By encoding the map as a factor, you have, under the hood, already translated the map into an integer representation. No real practical gains in terms of memory would be made. By keeping things as they are, you reduce the overall number of tables necessary to describe the data, which is a good thing. You will have fewer objects stored in your environment and it is worth aiming for this simplicity.

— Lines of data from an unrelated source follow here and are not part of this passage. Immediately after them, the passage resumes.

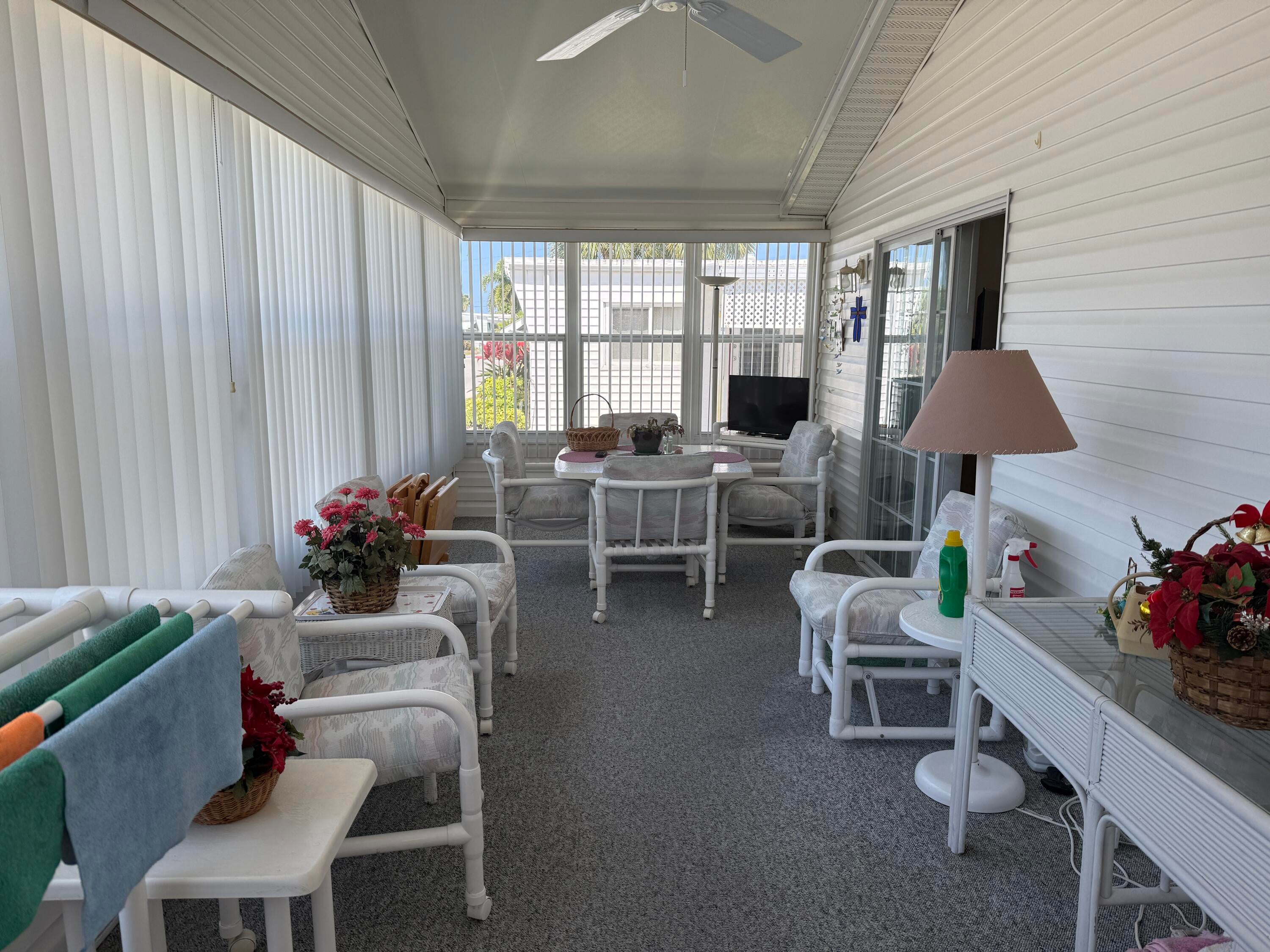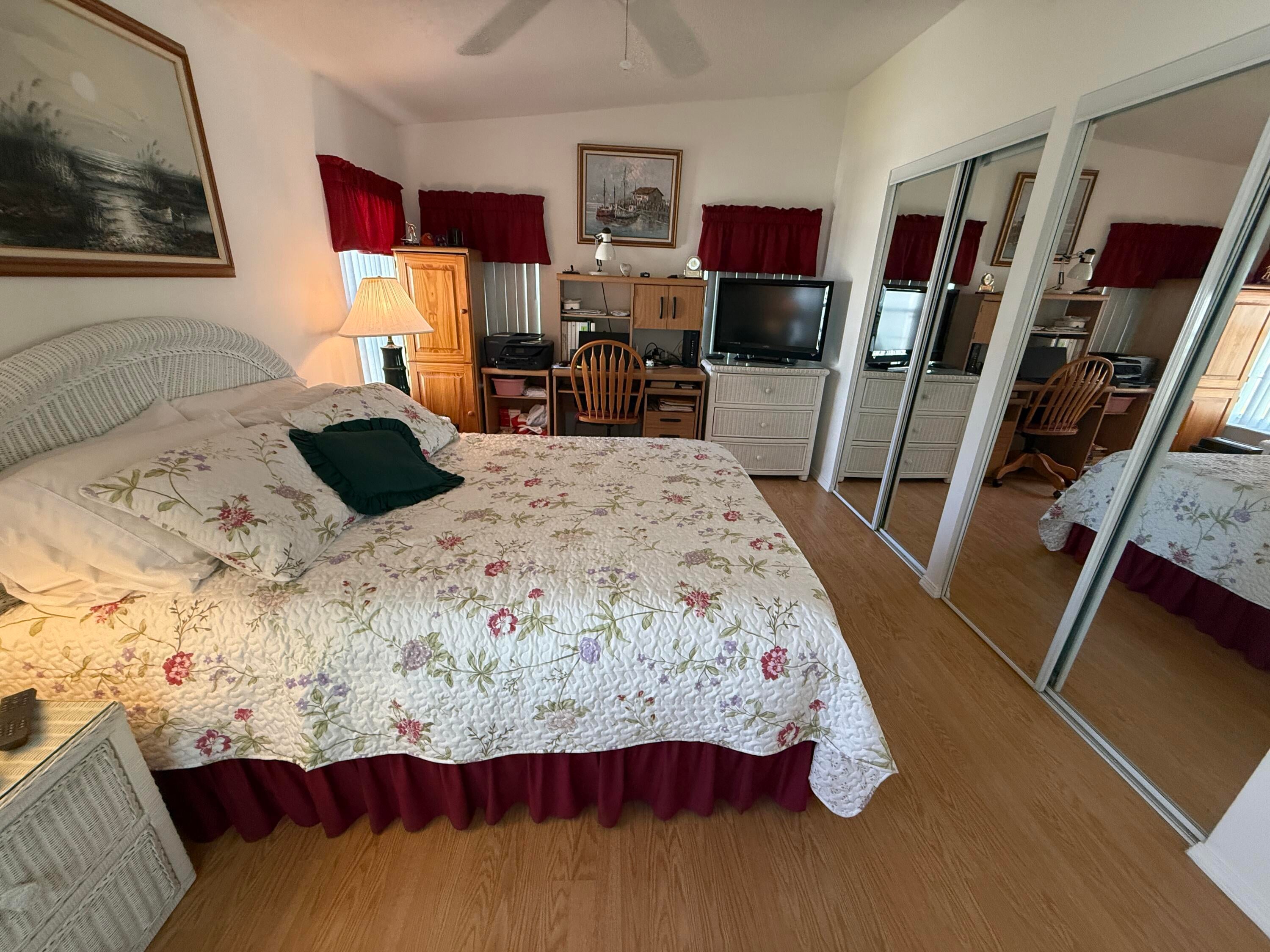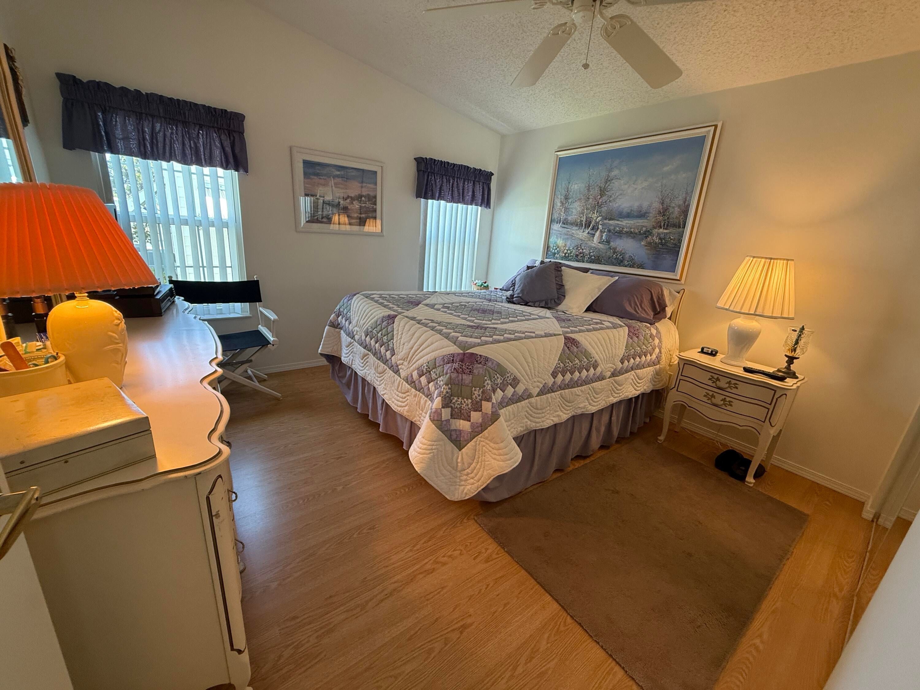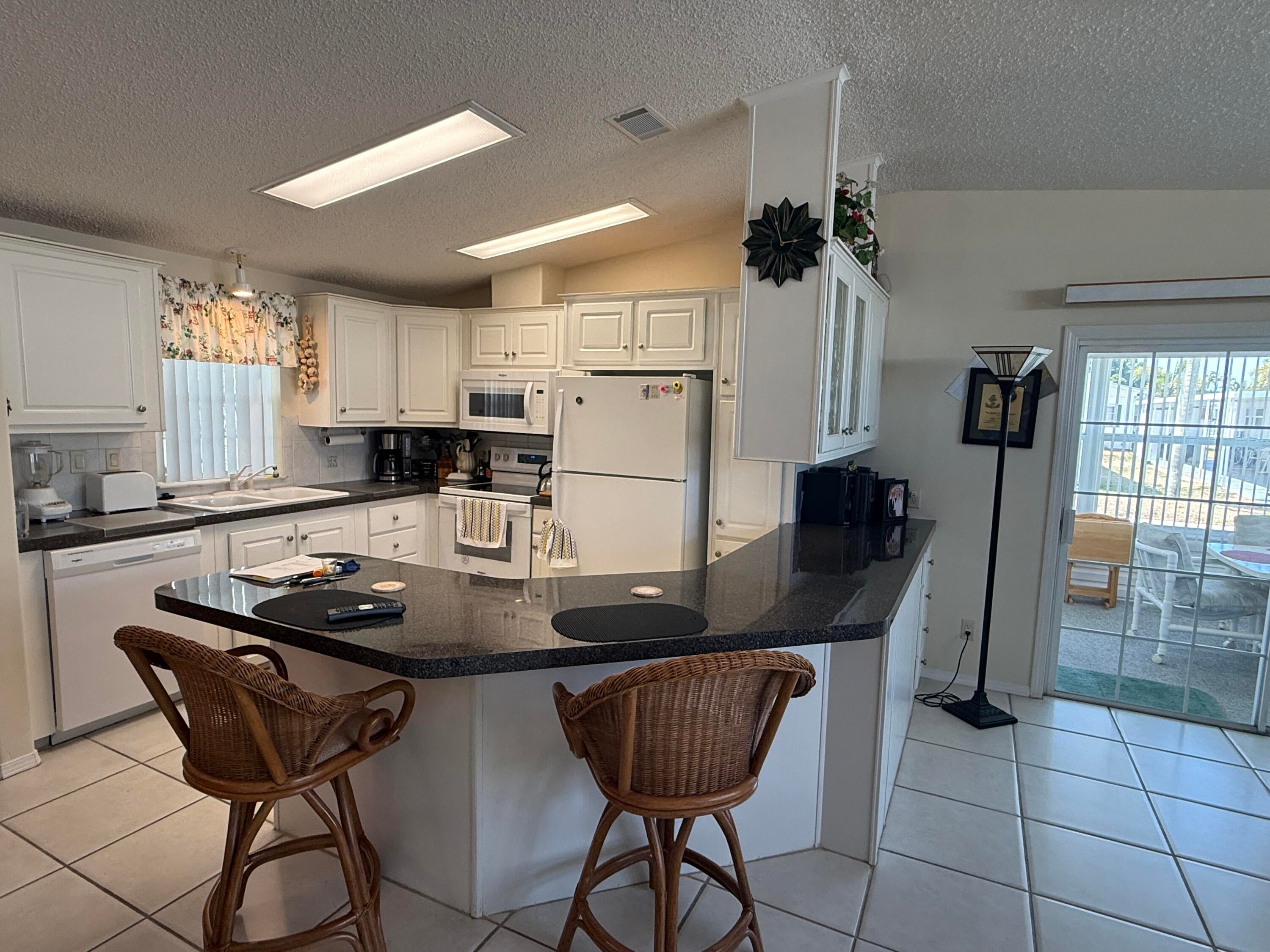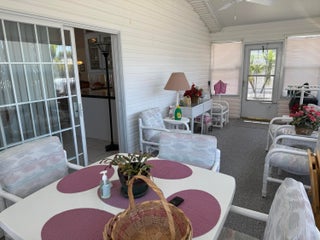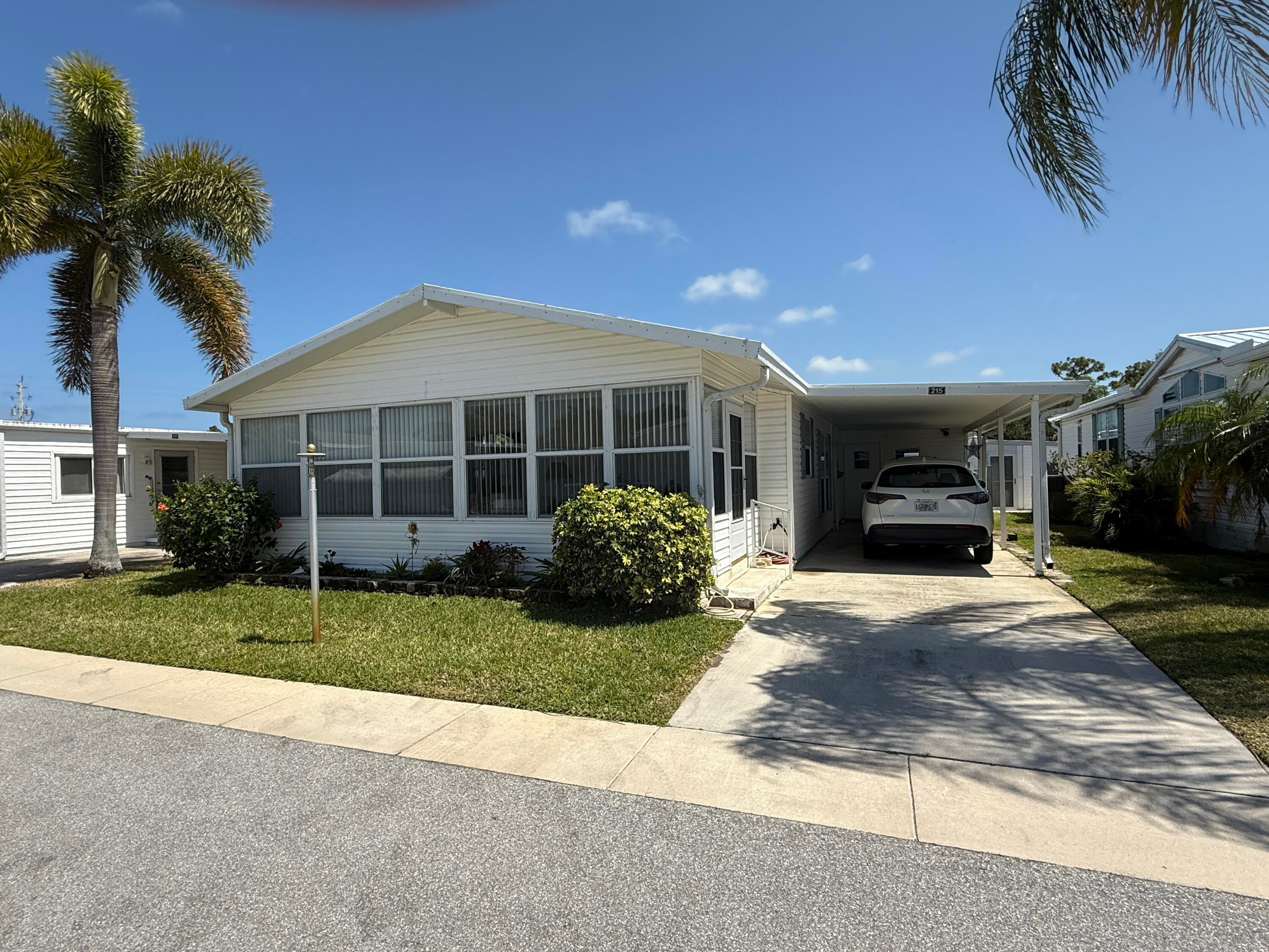 Come check out this meticulously maintained 2 Bed/2Bath home in Hidden Harbour Estates. This 55+ community is conveniently located on the Manatee Pocket offering intracoastal access thru the community boat slips (upon availability). The Community offers great adult amenities ie Clubhouse, heated pool & shuffleboard. The monthly maintenance fee of $350 incls basic cable, water/sewer, trash & lawn care. Step inside this 2001 built Jacobsen custom manf home, sporting an open floor plan w elegant tile floors & vaulted ceilings thruout the living area. Enjoy the comfort of 2 generously sized bedrms & bathrms, thoughtfully located at the rear of the home. The kitchen boasts a new Whirlpool range, microwave & dishwasher (2024). The enclosed front lanai is lovely. Metal roof 2021, A/C 2021.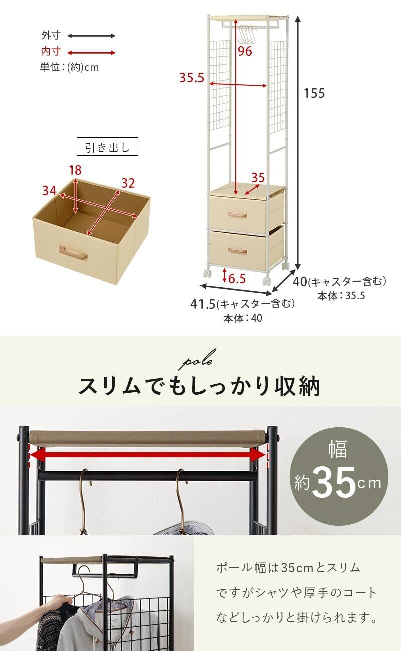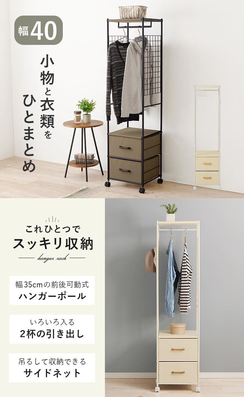 萩原 ハンガーラック 引き出し付き 2杯 幅40 キャスター付き 【動かせるポール】 頑丈 収納 押し入れ 棚付き ホワイト KHR-3186WH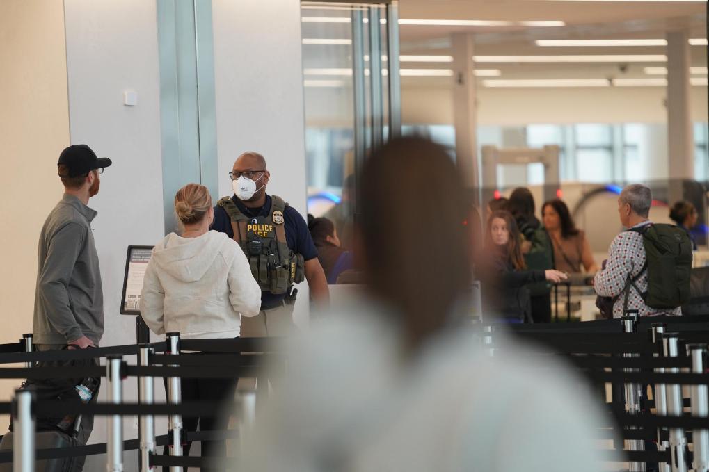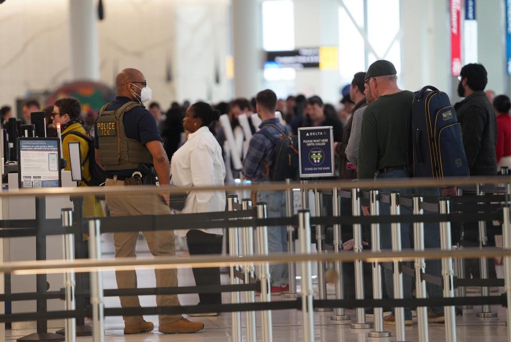 23日、米ニューヨーク・ラガーディア空港の出発保安検査場で勤務するICE捜査官。(ニューヨーク=新華社記者/張鳳国)

Because two-player games are so prevalent, and you do not alter the underlying raw data, you could make the executive decision to focus on two-player games only. They have a somewhat simplified structure, as there are only one winner and one loser. First, you find all the game IDs that belong to those games and then you encode which of the two players wins the game. This way each two-player game occupies only one row in the data table and outcomes are boolean. This new variable can later serve as a target for learning algorithms.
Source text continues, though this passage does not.